In [4]:
import pandas as pd
import numpy as np

## From https://github.com/ZhangQiuxue/Rosalind/blob/master/Textbook_05E.py
def global_alignment(v, w, scoring_matrix, sigma):
    '''Returns the global alignment of v and w subject to the given scoring matrix and indel penalty sigma.'''
    # Initialize the matrices.
    S = [[0]*(len(w)+1) for _ in range(len(v)+1)]
    backtrack = [[0]*(len(w)+1) for _ in range(len(v)+1)]

    # Initialize the edges with the given penalties.
    for i in range(1, len(v)+1):
        S[i][0] = -i*sigma
    for j in range(1, len(w)+1):
        S[0][j] = -j*sigma

    # Fill in the Score and Backtrack matrices.
    for i in range(1, len(v)+1):
        for j in range(1, len(w)+1):
            scores = [S[i-1][j] - sigma, S[i][j-1] - sigma, S[i-1][j-1] + blosum.loc[v[i-1]][w[j-1]]]
            S[i][j] = max(scores)
            backtrack[i][j] = scores.index(S[i][j])

    # Quick lambda function to insert indels.
    insert_indel = lambda word, i: word[:i] + '-' + word[i:]

    # Initialize the aligned strings as the input strings.
    v_aligned, w_aligned = v, w

    # Get the position of the highest scoring cell in the matrix and the high score.
    i, j = len(v), len(w)
    max_score = str(S[i][j])

    # Backtrack to the edge of the matrix starting at the highest scoring cell.
    while i*j != 0:
        if backtrack[i][j] == 0:
            i -= 1
            w_aligned = insert_indel(w_aligned, j)
        elif backtrack[i][j] == 1:
            j -= 1
            v_aligned = insert_indel(v_aligned, i)
        else:
            i -= 1
            j -= 1

    # Prepend the necessary preceeding indels to get to (0,0).
    for _ in range(i):
        w_aligned = insert_indel(w_aligned, 0)
    for _ in range(j):
        v_aligned = insert_indel(v_aligned, 0)

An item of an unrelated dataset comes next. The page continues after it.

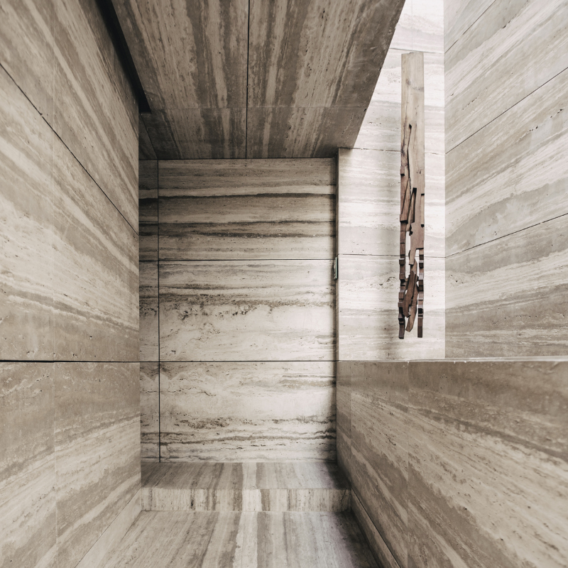 En la planta baja, la recepción se convierte en un espacio visual que proyecta videos de las canteras de ARCA, mostrando los orígenes de las piedras, sus procesos de extracción y otros aspectos inspiradores en la creación de materiales.
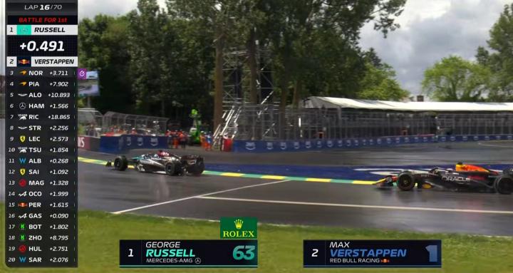 第16圈,维斯塔潘不断给拉塞尔施压!双方的差距被缩至0.5秒以内!

    return max_score, v_aligned, w_aligned,scores,S,backtrack


def readBlosum62():
    '''
    Read scoring matrix
    '''
    with open('blosum62.txt') as matrix_file:
        matrix = matrix_file.read()
        lines = matrix.strip().split('\n')

    blosum={}
    cols = lines[0].split()

    for row in lines[1:]:       
        idx = row[0]
        vals = row[1:].split()
        vals = [int(_) for _ in vals]
        #print(idx,vals)
        blosum[idx]=vals

    blosum = pd.DataFrame.from_dict(blosum,orient='index',columns=cols)
    return blosum

In [34]:
def scorematch(residueA,residueB,scoringMatrix):
    '''
    Get the value of a score between two matches
    '''
    return scoringMatrix.loc[residueA][residueB]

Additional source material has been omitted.